Monday, June 29, 2015

Corydon Capitol by Mac Heaton

We're now six months away from the beginning of Indiana's bicentennial year. Although Indiana did not become a state until December 11, 1816, the celebrations and observances have already begun and will only accelerate when 2016 arrives.

From June 10 to June 29, 1816, forty-three delegates met in Corydon, Indiana, to draw up a constitution for what would become the nation's nineteenth state. The Harrison County courthouse--the building that would become the new state's first capitol building--had not yet been completed. Tradition holds that the delegates held their sessions under a large, spreading elm tree instead. That tree succumbed to Dutch elm disease in 1925, but the trunk of the Constitution Elm remains protected by a sandstone monument in Corydon.

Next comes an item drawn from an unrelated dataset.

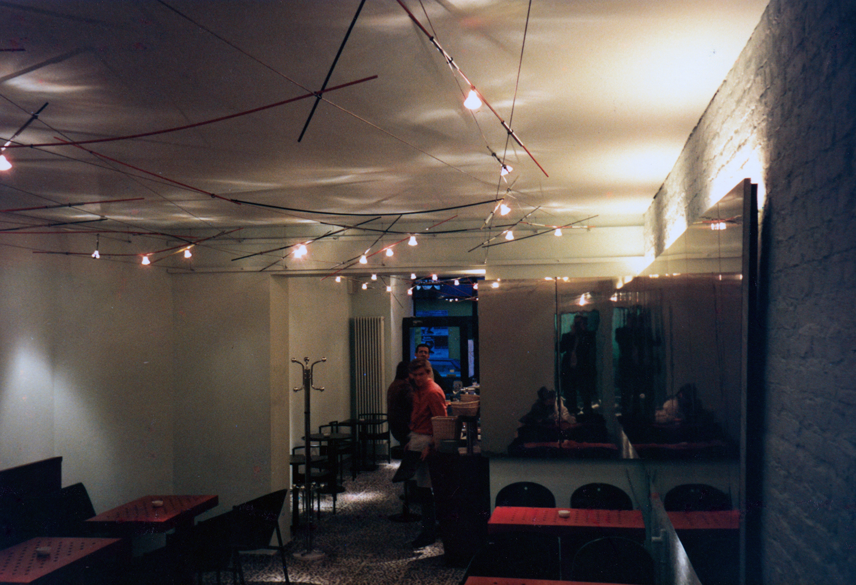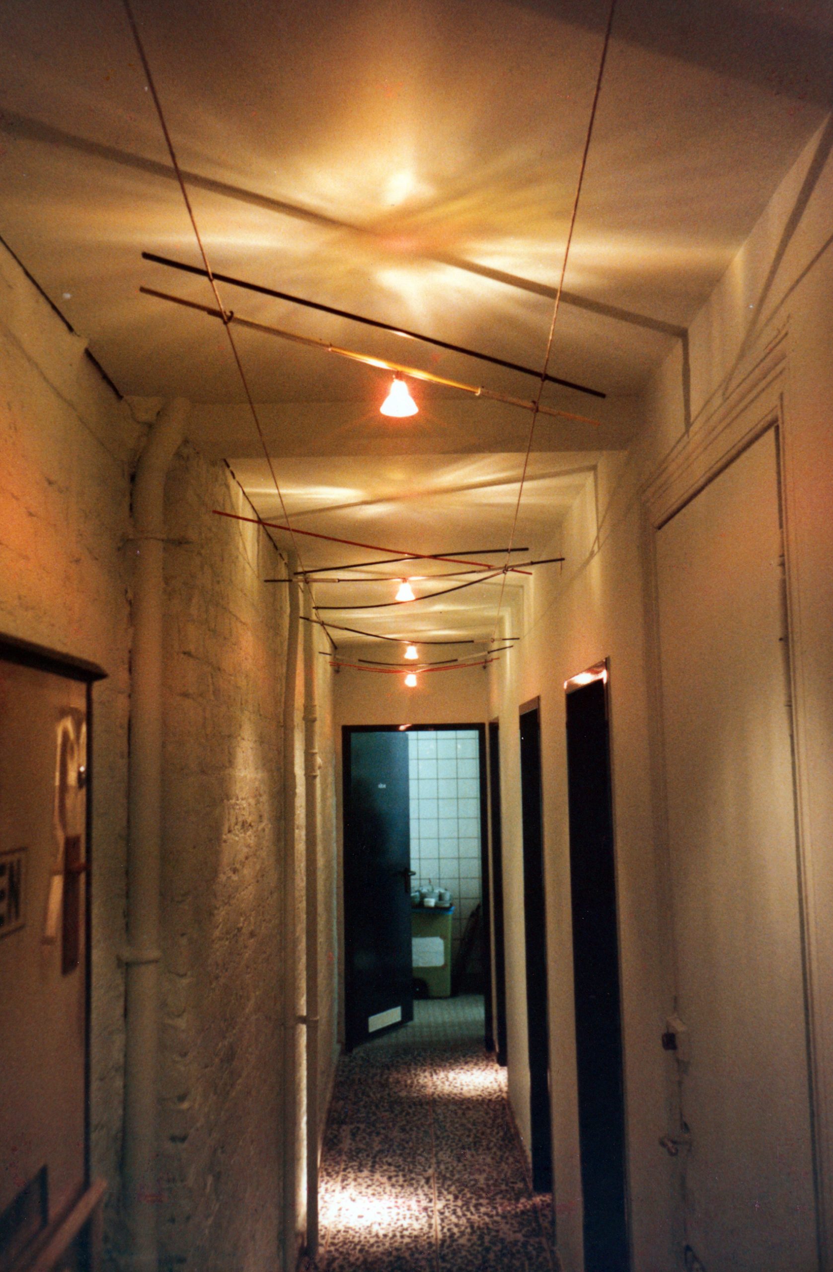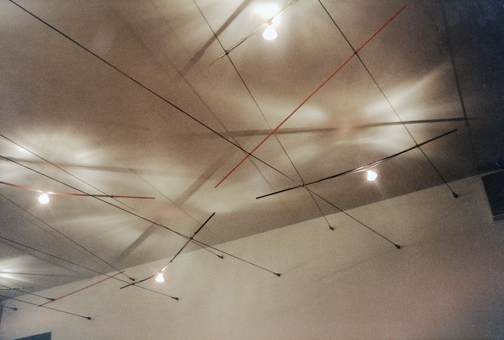 Wir entwickelten zusammen mit Paul Walter Schmits-Reinecke, dem damaligen technischen Leiter der Selux AG, einem seit 1948 bestehenden Unternehmen für die Herstellung von Beleuchtungsanlagen in Berlin-Marienfelde, eine elektrisch hochfahrbare Decke aus System Steiner. Die Decke sollte aus einem modularen System sein, um die unterschiedlichsten flächigen Materialien sowie Stromschienen und Einzelleuchten daran befestigen zu können. Für Kunden konnten somit Lichtsituationen in einer Raumeinheit mit anpassbaren Höhen demonstriert werden. Die Winde befand sich innerhalb des mobilen Fachwerks, sodass lediglich vier Befestigungspunkte in der Decke des Hauses notwendig waren,

The Corydon capitol building has fared better and is now an Indiana State Museum Historic Site. In 1970, the Indiana Department of Natural Resources issued a booklet called The Corydon Capitol State Memorial. The cover artist was Malcolm "Mac" Heaton (1925-2002), staff artist for and art director of the DNR, earlier the Department of Conservation. His design appears in the image above.

There are many bicentennial dates to come. The bicentennial of the first Indiana constitutional convention is among the first of real significance. So Happy 199th Birthday to Indiana's first constitution!